First, it is necessary to improve the performance of episode prediction models. Here, performance means that the model must output accurate prediction results when unknown test case data are input; it also means increasing the robustness of the model so that errors or malfunctions do not occur, even in test cases containing noise or missing values. The accuracy and robustness of the model need to be tested from various demographic perspectives (e.g., gender, age, and occupation). To increase the reliability of the results, the model must be tested using additional data.
Second, there is a need to further expand the word vocabulary size in the modeling. We adopted a simple approach in terms of word definition; however, we believe that a more detailed vocabulary will be useful for describing longer data sequences.
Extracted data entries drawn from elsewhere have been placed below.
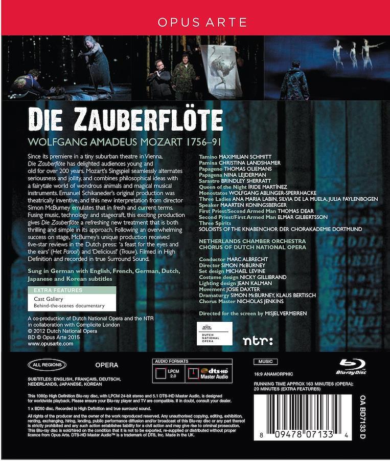 Since it's premiere in a tiny suburban theatre in Vienna, Die Zauberflote has delighted audiences young and old for over 200 years. Mozart's Singspiel seamlessly alternates seriousness and jollity, and combines philosophical ideas with a fairytale world of wondrous animals and magical musical instruments. Emanuel Schikaneder's original production was theatrically inventive, and this new interpretation from director Simon McBurney emulates that in fresh and current terms. Fusing music, technology and stagecraft, this exciting production gives Die Zauberflote a refreshing new treatment that is both thrilling and simple in it's approach. Following an overwhelming success on stage, McBurney's unique production received five-star reviews in the Dutch press: 'a feast for the eyes and the ears' (Het Parool) and 'Delicious!' (Trouw).
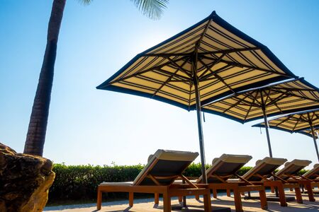 Umbrella and chair around outdoor swimming pool in hotel and resort with sunlight
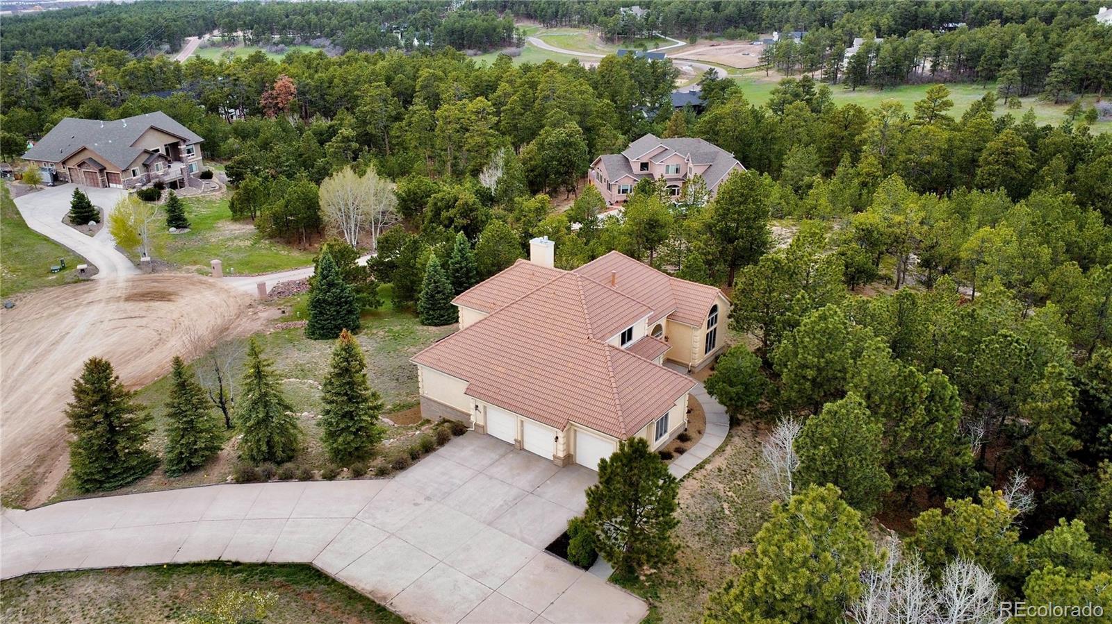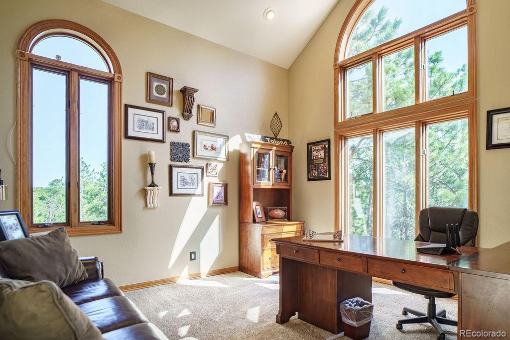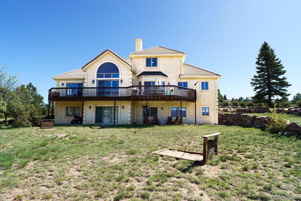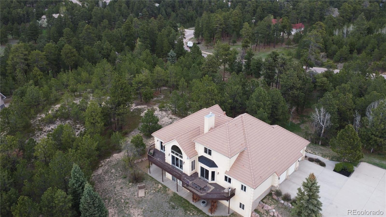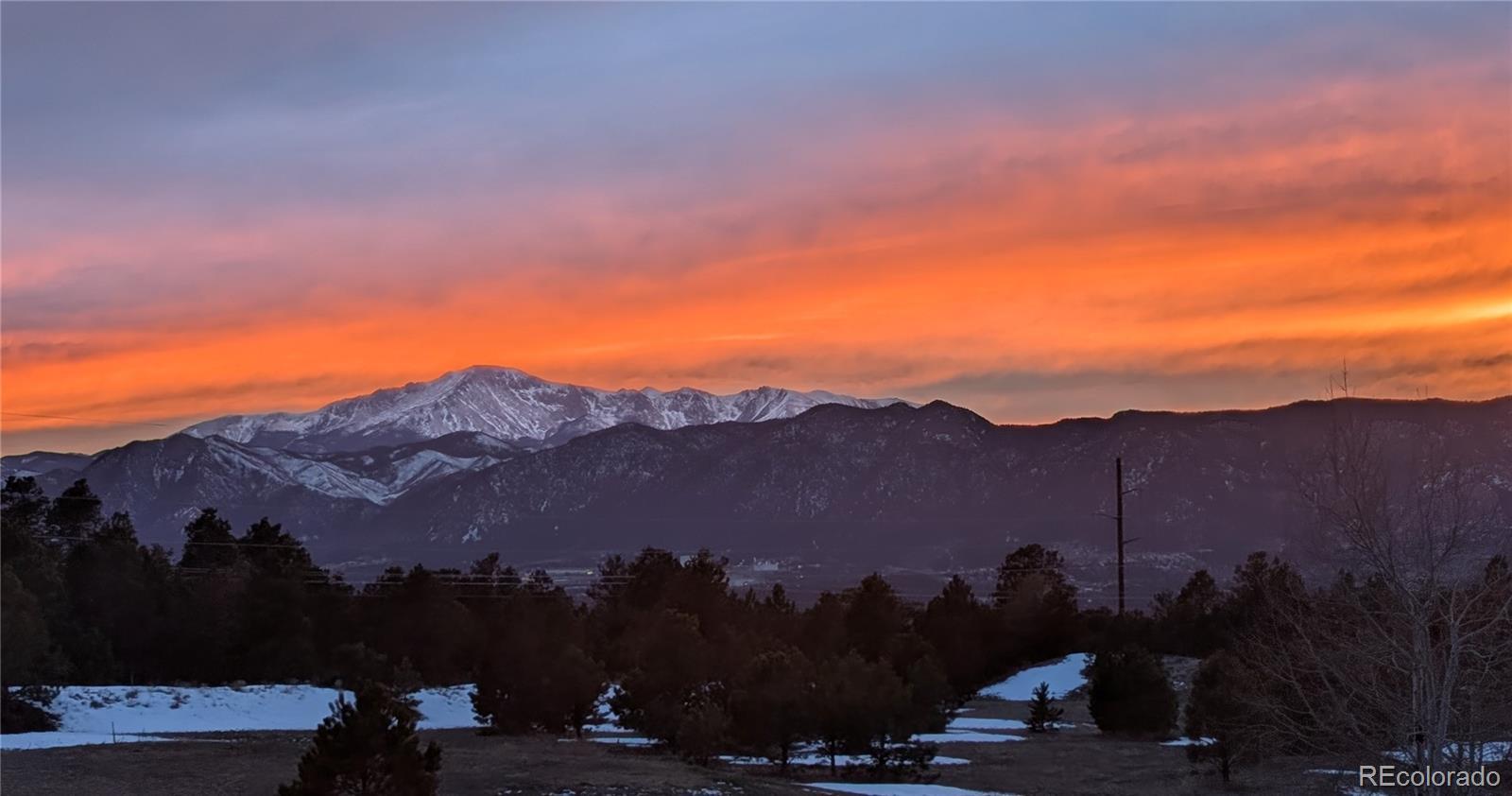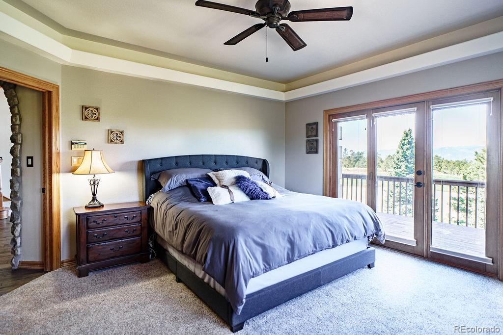 BACK ON THE MARKET WITH UPDATES! Welcome to your 2.5 acre oasis, w/new stucco and soon new composite shingle roof, nestled on a private, treed lot with magnificent views of the mountains! This 2 story home offers a main level primary bedroom (access to the rear deck) with an attached 5-piece bath (heated floors) and walk-in closet. Head upstairs to the 2 bedrooms w/a jack-and-jill bath AND a super cute loft between the bedrooms that could be used as a toy/play/lounging area. The main level also boasts a very spacious carpeted office near the front door and a lovely formal dining room w/access to the dry bar and kitchen. In the eat-in kitchen you'll find a 2-sided fireplace, room for a kitchen table, island with stovetop, and the flexibility to walk out to the elongated deck to enjoy the majestic views of Pikes Peak. Head downstairs to the unfinished, 2000 s.f. walk-out basement to see the endless possibilities. You want want to miss this gem of a home located in D-38!

We plan to conduct further research on this topic.
Third, there are fundamental limitations in predicting the likelihood of future episodes using only circadian rhythm signals obtained through sensor devices. For example, genetic and biological factors, medical history, and other environmental factors may play important roles. Therefore, further research is required to design an ensemble model by incorporating possible variables into the prediction model, along with circadian rhythm data, through wearable sensor devices.
Fourth, it would be helpful to perform cross-validation to prevent overfitting of the model and ensure a generalized performance. The generalized performance of the model could be optimized by learning data from a specific institution and testing patients from other institutions. For this purpose, a more diverse and extensive data collection process is required.